Table of contents
What notice period is applicable to you?
The period of notice refers to the period of time between the moment when the employee receives the notice and the moment when the employment relationship is terminated. This period of notice is very important, as it can have a major influence on the effectiveness of the notice of termination as well as other matters relevant to the notice of termination, such as the entitlement to unemployment benefits. undefined
A longer period usually applies for employers than for employees. The reason for this is that the employee is considered more worthy of protection vis-à-vis the employer. Decisive for the employer's statutory period of notice is the employee's seniority.
Notice periods for employers
- If the period of employment is less than 2 years, the same periods of notice apply as for the employee (i.e. the employee may normally give notice of termination within 4 weeks of the 15th or end of a calendar month).
- If the employee has been employed for more than 2 years, the period of notice is still 1 month. The difference to the previous notice period is that notice of termination can only be given at the end of a calendar month and not on the 15th.
- From 5 years on, a notice period of 2 months applies,
- From 8 years on, a notice period of 3 months applies,
- From 10 years on, a period of notice of 4 months applies,
- From 12 years on, a period of notice of 5 months applies,
- From 15 years on, a period of notice of 6 months applies,
- From 20 years on, a period of notice of 7 months applies.
Deviating notice periods
However, in addition to the notice periods mentioned above, there are some exceptions that should be taken into account:
During the probationary period (which may last a maximum of 6 months), a notice period of 2 weeks applies.
Trainees may be dismissed at any time during the probationary period without notice in accordance with § 22 BBiG.
The termination can be terminated extraordinarily without notice in case of particularly serious reasons, for which the employer cannot reasonably be expected to maintain the employment for longer (e.g. if the employee has committed theft).
Notice periods determined in a valid collective agreement take precedence over statutory notice periods. Shorter periods of notice may therefore apply under certain circumstances.
A period of notice contractually agreed outside the collective agreement is permissible, as long as it is not less than the statutory period of notice.
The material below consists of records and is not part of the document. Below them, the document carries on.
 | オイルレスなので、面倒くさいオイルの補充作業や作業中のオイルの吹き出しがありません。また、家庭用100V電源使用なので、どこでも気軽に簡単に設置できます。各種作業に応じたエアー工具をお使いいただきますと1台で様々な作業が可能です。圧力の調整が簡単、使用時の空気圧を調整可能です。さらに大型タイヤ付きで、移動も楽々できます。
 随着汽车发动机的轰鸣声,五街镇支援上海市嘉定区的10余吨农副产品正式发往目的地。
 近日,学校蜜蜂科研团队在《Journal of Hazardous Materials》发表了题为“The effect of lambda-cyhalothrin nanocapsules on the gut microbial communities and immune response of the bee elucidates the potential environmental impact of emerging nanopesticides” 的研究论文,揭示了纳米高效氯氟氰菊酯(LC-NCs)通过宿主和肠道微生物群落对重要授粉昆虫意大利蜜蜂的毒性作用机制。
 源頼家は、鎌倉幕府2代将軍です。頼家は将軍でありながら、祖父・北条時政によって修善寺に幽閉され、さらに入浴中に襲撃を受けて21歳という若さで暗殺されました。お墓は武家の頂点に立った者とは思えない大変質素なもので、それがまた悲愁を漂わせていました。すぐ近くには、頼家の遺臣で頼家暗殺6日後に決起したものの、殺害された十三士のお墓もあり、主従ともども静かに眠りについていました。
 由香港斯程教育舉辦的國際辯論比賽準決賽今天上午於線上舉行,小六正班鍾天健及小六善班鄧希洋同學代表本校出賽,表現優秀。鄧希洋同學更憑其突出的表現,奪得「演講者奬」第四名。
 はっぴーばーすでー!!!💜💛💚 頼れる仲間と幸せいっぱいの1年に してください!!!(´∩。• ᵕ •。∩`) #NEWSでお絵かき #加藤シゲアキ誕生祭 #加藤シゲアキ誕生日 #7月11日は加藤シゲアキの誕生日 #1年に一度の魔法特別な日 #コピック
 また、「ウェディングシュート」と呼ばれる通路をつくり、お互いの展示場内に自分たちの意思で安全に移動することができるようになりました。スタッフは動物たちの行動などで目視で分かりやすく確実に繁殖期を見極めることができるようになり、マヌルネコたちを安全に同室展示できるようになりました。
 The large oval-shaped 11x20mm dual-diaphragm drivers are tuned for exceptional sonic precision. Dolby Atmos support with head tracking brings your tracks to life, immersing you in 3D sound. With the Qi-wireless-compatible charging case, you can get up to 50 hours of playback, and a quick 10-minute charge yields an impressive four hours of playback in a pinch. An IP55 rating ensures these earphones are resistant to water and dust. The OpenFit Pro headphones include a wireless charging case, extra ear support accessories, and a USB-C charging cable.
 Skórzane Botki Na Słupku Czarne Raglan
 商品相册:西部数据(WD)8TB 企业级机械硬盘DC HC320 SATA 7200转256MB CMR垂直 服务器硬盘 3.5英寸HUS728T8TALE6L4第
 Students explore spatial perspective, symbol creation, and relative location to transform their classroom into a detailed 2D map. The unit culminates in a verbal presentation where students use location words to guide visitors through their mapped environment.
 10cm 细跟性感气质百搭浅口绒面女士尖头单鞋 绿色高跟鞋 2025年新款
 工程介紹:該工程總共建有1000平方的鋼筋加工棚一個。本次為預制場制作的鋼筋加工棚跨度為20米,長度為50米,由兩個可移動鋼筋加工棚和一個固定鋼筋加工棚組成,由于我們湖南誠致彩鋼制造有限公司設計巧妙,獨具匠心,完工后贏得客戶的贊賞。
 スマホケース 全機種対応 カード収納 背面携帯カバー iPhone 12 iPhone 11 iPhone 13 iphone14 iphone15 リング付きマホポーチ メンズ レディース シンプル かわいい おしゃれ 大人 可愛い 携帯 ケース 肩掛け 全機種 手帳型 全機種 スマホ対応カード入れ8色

In this case, the more favourable period always applies to the employee.
For severely disabled employees, the period of notice may not be less than 4 weeks (§ 86 SGB IX).
What formal requirements must be met?
1. Termination in writing
Notice of termination must be given in writing (§ 126 BGB in conjunction with § 623 BGB). It is interesting to note that the electronic form was explicitly excluded for the termination of the employment relationship (§ 623 BGB). Only the handwritten signature therefore satisfies the written form requirement. Notice of termination by oral debate, fax, e-mail or even SMS are therefore inadmissible and invalid (§ 125 BGB).
2. Signature by an authorised person
In addition, the notice of termination must be signed by the person who issues it. The letter must therefore always be signed by the employer or a person authorised to represent the company (e.g. the HR manager). If the person signing the letter is not authorised, the dismissal can be rejected. If the written form is not met, the notice of termination is invalid and has no effect. The employment relationship continues to exist in these cases.
What information must be included?
A termination must be clearly and unambiguously formulated. However, the word "termination" need not be included.
2. Termination date
The date on which the employment relationship is to be terminated must also be clearly stated. For this purpose, it is usually sufficient to simply state the date of termination. However, a reference to the relevant statutory provisions is also sufficient if the end of the employment relationship can be determined so easily (in BAG file no. 6 AZR805/11 "at the next possible point in time").
3. Reason for termination
The indication of reasons for the termination is generally not required for the effectiveness the notice. However, the recipient has a right to know the reason for termination (§ 1 para. 3 sentence 1 Hs. 2 KSchG for ordinary termination or § 636 para. 2 sentence 3 BGB for extraordinary termination). If the reasons are not communicated, the employee has the right to be placed in the position he would have been in if he had been orderly notified. However, it can also be agreed in the employment contract that the reason for dismissal must be communicated. In addition, when a pregnant woman is dismissed, there is also an obligation to notify the reason for termination (Section 9 para. 3 sentence 2 MuSchG). This obligation also exists in the case of a dismissal during the probationary period (§ 22.2 BBiG).
» Employees can only be lawfully terminated on certain grounds. Find out more about justified reasons for termination in our article on grounds for termination.
How can you defend yourself against terminations?
Employers often do not comply with all requirements for lawful terminations. If you believe your termination is unlawful, you can challenge it to either receive severance pay or continue employment. To challenge your dismissal, you must file an action for protection against dismissal with the labour court within 3 weeks of receiving the notice. If you fail to do so, even a dismissal that is not justified will take effect.